# [SOLVED] Memory problems



## Rolling Stone (Dec 8, 2009)

Sorry if this is a really simple problem for you experienced guys - but I have a problem playing a game called "Championship Manager" - basically I have played it before and subsequently got bored with it and deleted it off the system. Recently, when I have loaded it onto my laptop - onto the C Drive where the "Properties" icon shows that more than half the memory is still available - I can play it for a little while and then a message comes up saying that "there is not enough memory to continue. Please free up some memory to continue"

Bizarrely I get the same message when I load the same game onto my main desktop PC - even though I haven't even started the game !! (And again, it has worked perfectly in the past - and there is still tons of memory on the PC)

Can you help ?? This is Champ Manager 00/01 so it doesn't require much by way of graphics.

To a complete computer novice like me it's as though somehow the disc thinks that ther is no memory when there is.........

Thanks !

RS


----------



## Lord Sirian (Jan 14, 2007)

*Re: Memory problems*

Hi there. Welcome to TSF.

The memory you're talking about is actually free hard drive space. The memory the game is talking about in the error message is most likely RAM. Some of the older games have trouble recognising RAM if there is too much installed. You can try running the game in compatibility mode and as administrator.

Right click the executable file (the icon you click on to play the game), click "Run as" -> Adminstrator. Click ok.

Right click it again, click "properties" click "Compatibility", tick "Run in compatibility mode for", and then choose Windows 95, 98 or 2000.


----------



## Rolling Stone (Dec 8, 2009)

*Re: Memory problems*

Thanks very much - however, next question.....

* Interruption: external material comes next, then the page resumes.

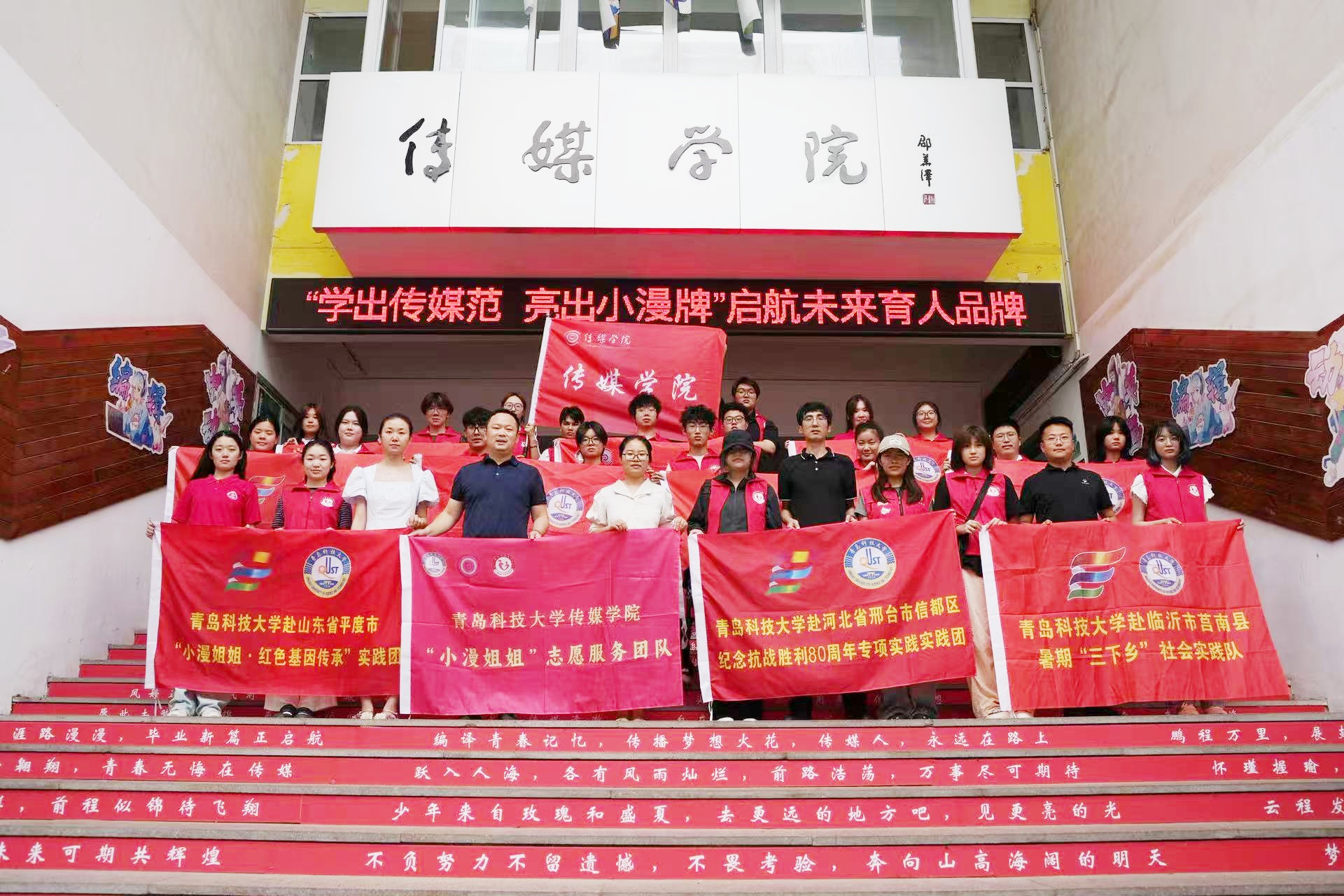 动画国家一流专业、编辑出版等优势资源与特色,深耕“思政+美育”特色育人。团队先后荣获国家级“三下乡”优秀实践团队、山东省志愿服务示范项目等多项荣誉,团队事迹被中国青年报、中国青年志愿者等60余家媒体报道,擦亮青科传媒特色品牌,获得一致认可和广泛赞誉。

I don't get the option of "Administrator" iwhen I click "Run as" - I get the choice of "Current User" and the the option to enter another Username and password. What next ???


----------



## Lord Sirian (Jan 14, 2007)

*Re: Memory problems*

Hmm interesting. Did you try simply running it in compatibility mode?

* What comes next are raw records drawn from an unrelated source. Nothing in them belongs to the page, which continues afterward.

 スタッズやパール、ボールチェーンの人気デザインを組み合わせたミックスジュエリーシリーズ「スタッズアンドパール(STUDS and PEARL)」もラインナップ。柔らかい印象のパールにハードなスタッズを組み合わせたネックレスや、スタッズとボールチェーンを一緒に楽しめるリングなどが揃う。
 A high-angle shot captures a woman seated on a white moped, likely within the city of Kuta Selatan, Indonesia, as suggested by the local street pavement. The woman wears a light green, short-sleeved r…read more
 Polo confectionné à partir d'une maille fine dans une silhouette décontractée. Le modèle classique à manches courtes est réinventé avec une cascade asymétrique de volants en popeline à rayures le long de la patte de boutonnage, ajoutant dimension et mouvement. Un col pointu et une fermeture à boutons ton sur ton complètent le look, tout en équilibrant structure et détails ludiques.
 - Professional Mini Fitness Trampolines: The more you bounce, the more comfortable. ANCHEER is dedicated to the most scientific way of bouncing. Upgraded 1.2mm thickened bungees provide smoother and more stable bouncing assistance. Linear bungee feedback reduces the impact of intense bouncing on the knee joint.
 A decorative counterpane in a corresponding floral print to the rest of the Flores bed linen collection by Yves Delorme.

Is your account the only one on that computer?


----------



## koala (Mar 27, 2005)

*Re: Memory problems*

What are your Virtual Memory settings?

Start > Control Panel > System & Maintenance > System > Advanced System Settings > Advanced tab > Performance Settings button > Advanced tab > Change button

If it's set to 'Automatically manage paging file size', click the Custom Size button and set Initial and Maximum to 4096mb, click the Set button, OK to close the window, then reboot to complete.


----------



## Rolling Stone (Dec 8, 2009)

*Re: Memory problems*

Guys - thank you both very much !! I think we have a result !

I have used both your methods and my desk top PC no longer has the memory warning. I will know about the lap top only when I get far enough for the message to have appeared, if you see what I mean ( I deleted the last game once that message cam up so I have to start again and see)

Just to clarify, whilst my laptop runs on Vista, my desk top is older and uses XP - which is why your instructions were not exactly the same as what I had on my screen. Sorry.

But happy endings !!!! Thanks to both of you !!!

RS


----------



## Lord Sirian (Jan 14, 2007)

So it definitely is working now? If that's the case then I'm very glad. =) Kindly mark the thread as solved and enjoy your game.


----------



## Rolling Stone (Dec 8, 2009)

Apologies - have been waiting until I got to the same point in my game where the memory" filled up" last - time. This time it was fine and dandy !!

So thank you very much !!

RS


----------